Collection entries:

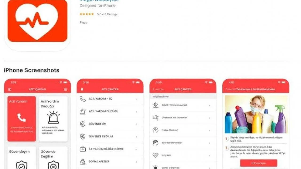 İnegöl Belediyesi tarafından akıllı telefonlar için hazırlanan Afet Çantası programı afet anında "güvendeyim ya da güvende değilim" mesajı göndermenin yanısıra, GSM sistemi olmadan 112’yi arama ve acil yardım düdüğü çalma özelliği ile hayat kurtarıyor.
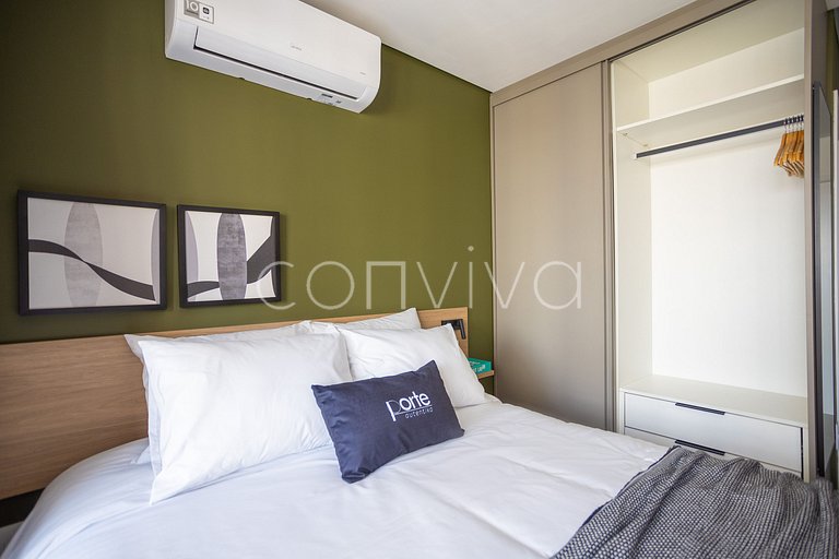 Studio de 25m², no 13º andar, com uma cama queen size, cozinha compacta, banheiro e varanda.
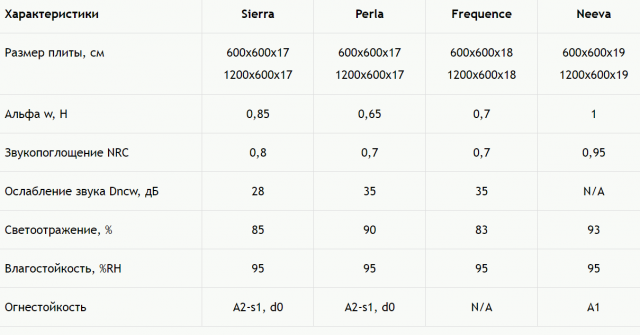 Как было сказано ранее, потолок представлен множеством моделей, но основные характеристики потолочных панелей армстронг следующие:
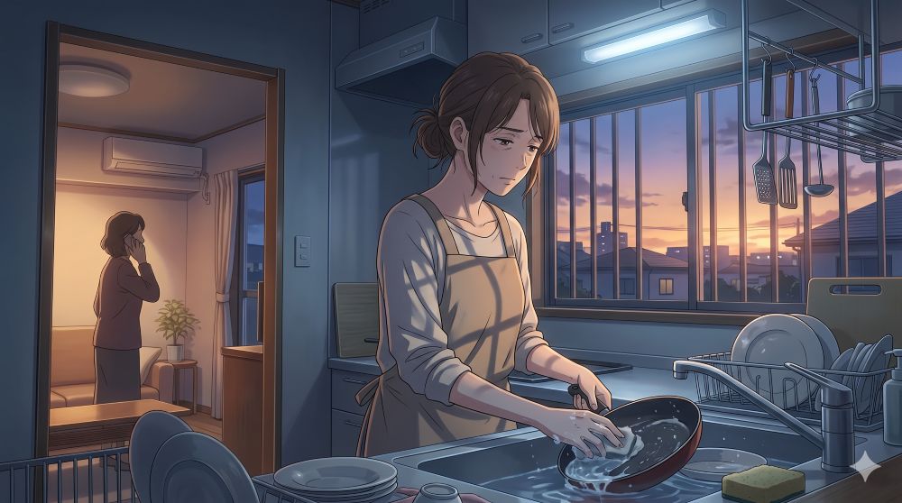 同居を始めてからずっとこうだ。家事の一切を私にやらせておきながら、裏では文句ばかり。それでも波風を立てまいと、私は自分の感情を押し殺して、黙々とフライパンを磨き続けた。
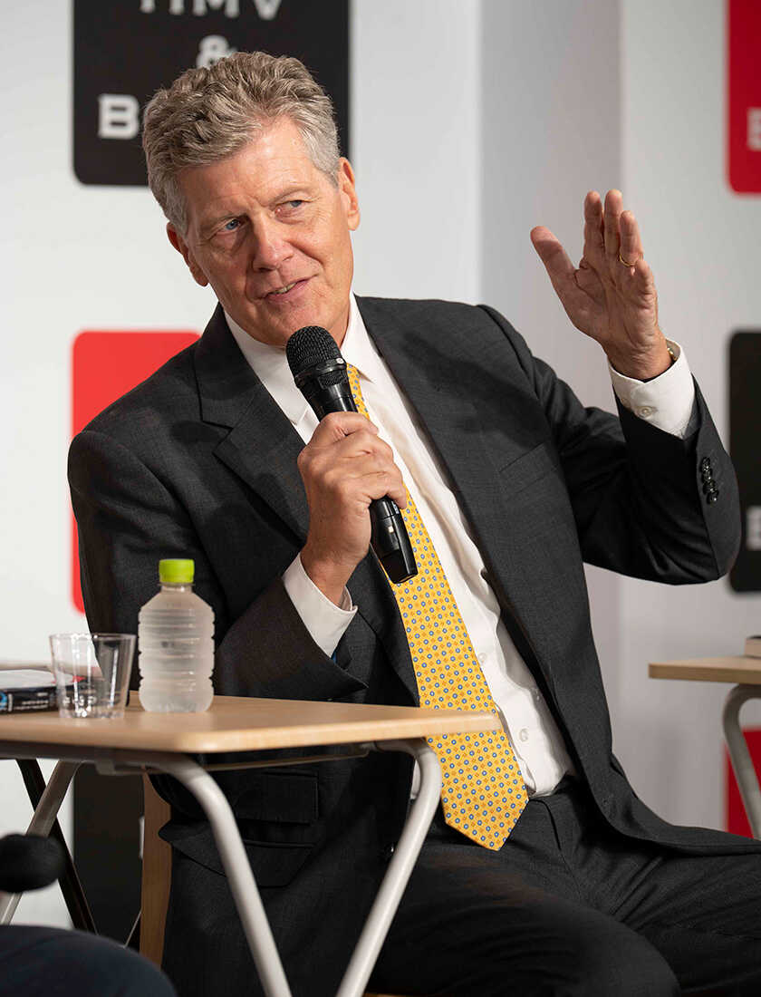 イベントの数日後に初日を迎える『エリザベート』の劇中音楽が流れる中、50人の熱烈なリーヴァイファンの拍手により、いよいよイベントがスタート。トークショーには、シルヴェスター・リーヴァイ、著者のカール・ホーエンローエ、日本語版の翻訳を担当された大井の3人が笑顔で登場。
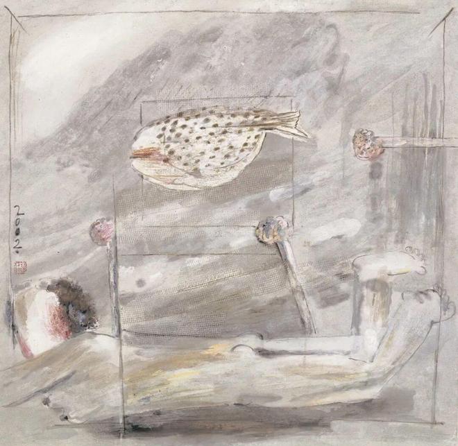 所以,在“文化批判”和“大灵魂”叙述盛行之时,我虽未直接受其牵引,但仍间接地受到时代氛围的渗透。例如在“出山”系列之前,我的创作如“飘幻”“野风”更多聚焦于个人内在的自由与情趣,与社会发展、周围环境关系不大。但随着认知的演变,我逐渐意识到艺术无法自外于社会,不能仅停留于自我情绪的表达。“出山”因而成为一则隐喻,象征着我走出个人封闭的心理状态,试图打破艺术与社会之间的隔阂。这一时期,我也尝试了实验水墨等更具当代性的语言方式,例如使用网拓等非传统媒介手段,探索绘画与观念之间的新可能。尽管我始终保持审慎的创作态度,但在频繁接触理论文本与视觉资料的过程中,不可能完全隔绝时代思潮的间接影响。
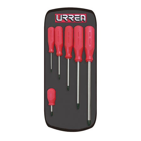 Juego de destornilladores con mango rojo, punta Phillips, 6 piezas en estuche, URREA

→ **EXERCISE INSTRUCTIONS**
When you write out the data, keep every line exact and drop the pictures.

→ **SOLUTION TO THIS TASK**
 İnegöl Belediyesi tarafından akıllı telefonlar için hazırlanan Afet Çantası programı afet anında "güvendeyim ya da güvende değilim" mesajı göndermenin yanısıra, GSM sistemi olmadan 112’yi arama ve acil yardım düdüğü çalma özelliği ile hayat kurtarıyor.
 Studio de 25m², no 13º andar, com uma cama queen size, cozinha compacta, banheiro e varanda.
 Как было сказано ранее, потолок представлен множеством моделей, но основные характеристики потолочных панелей армстронг следующие:
 同居を始めてからずっとこうだ。家事の一切を私にやらせておきながら、裏では文句ばかり。それでも波風を立てまいと、私は自分の感情を押し殺して、黙々とフライパンを磨き続けた。
 イベントの数日後に初日を迎える『エリザベート』の劇中音楽が流れる中、50人の熱烈なリーヴァイファンの拍手により、いよいよイベントがスタート。トークショーには、シルヴェスター・リーヴァイ、著者のカール・ホーエンローエ、日本語版の翻訳を担当された大井の3人が笑顔で登場。
 所以,在“文化批判”和“大灵魂”叙述盛行之时,我虽未直接受其牵引,但仍间接地受到时代氛围的渗透。例如在“出山”系列之前,我的创作如“飘幻”“野风”更多聚焦于个人内在的自由与情趣,与社会发展、周围环境关系不大。但随着认知的演变,我逐渐意识到艺术无法自外于社会,不能仅停留于自我情绪的表达。“出山”因而成为一则隐喻,象征着我走出个人封闭的心理状态,试图打破艺术与社会之间的隔阂。这一时期,我也尝试了实验水墨等更具当代性的语言方式,例如使用网拓等非传统媒介手段,探索绘画与观念之间的新可能。尽管我始终保持审慎的创作态度,但在频繁接触理论文本与视觉资料的过程中,不可能完全隔绝时代思潮的间接影响。
 Juego de destornilladores con mango rojo, punta Phillips, 6 piezas en estuche, URREA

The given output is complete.